I had to stop work and age 52 and no regrets but my expenses can greatly change depending on where we are.

In Mexico or Manila, we could live very nicely in 1,000 dollars per month.
 
Your health
Yep, one of my neighbors saw the writing on the wall when he was working for Nortel, so to get his retirement savings out a sinking ship he retired in his early 50's and took a lump sum instead of his pension. He's in his 60's now and quite fit and healthy and does some hay to sell and works part time at the local LCBO liquor store(a low stress government job here) for some spending money and paid chatting with the neighbors while earning another small pension. It's not a glamorous retirement but it sure isn't bad.
Another neighbor is about the same age with millions in land and investments and worked a lot, and does spend far more, but has diabetes and heart problems and can barely climb in and out of his $100k pickup...
 
How are some of you able to answer the OP the way you are? So little info to go on = literally impossible to answer.

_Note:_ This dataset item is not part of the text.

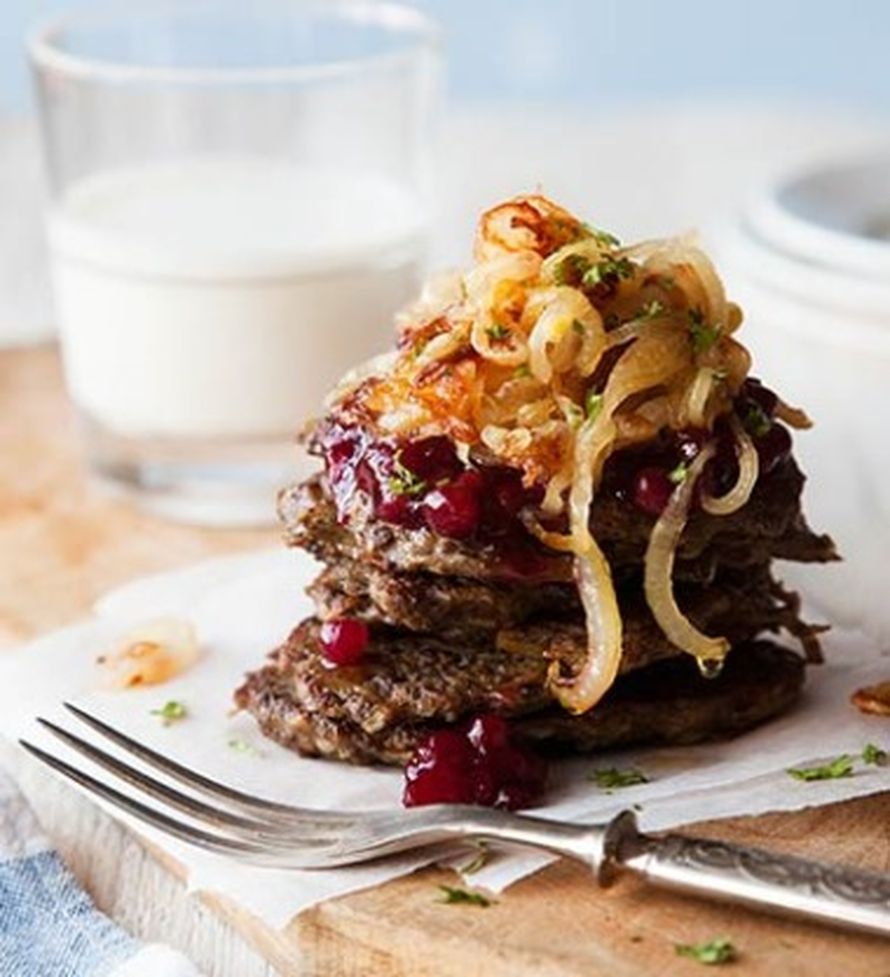 Nosta paistetut sipulirenkaat jauhemaksapihvien päälle. Tarjoa pihvit perunamuusin ja puolukoiden kanssa.

From what I’ve gathered the answers are general which is appropriate. Only the OP can figure out what he needs based on the lifestyle going forward plus any other conditions.

The only thing I would add is to be generous in the amount of $$ you need. The times ahead do not look healthy financially.
 
What happens once you have traveled where ever and seen what you want to see and think what you have thunk? Then what? You will need some serious returns on what ever you have over the years invested in.
 
No one can give you anything of a ballpark without knowing numbers and personal factors that will influence those numbers. The only answer you'd get is a conservative one that's at least a million over the guess number.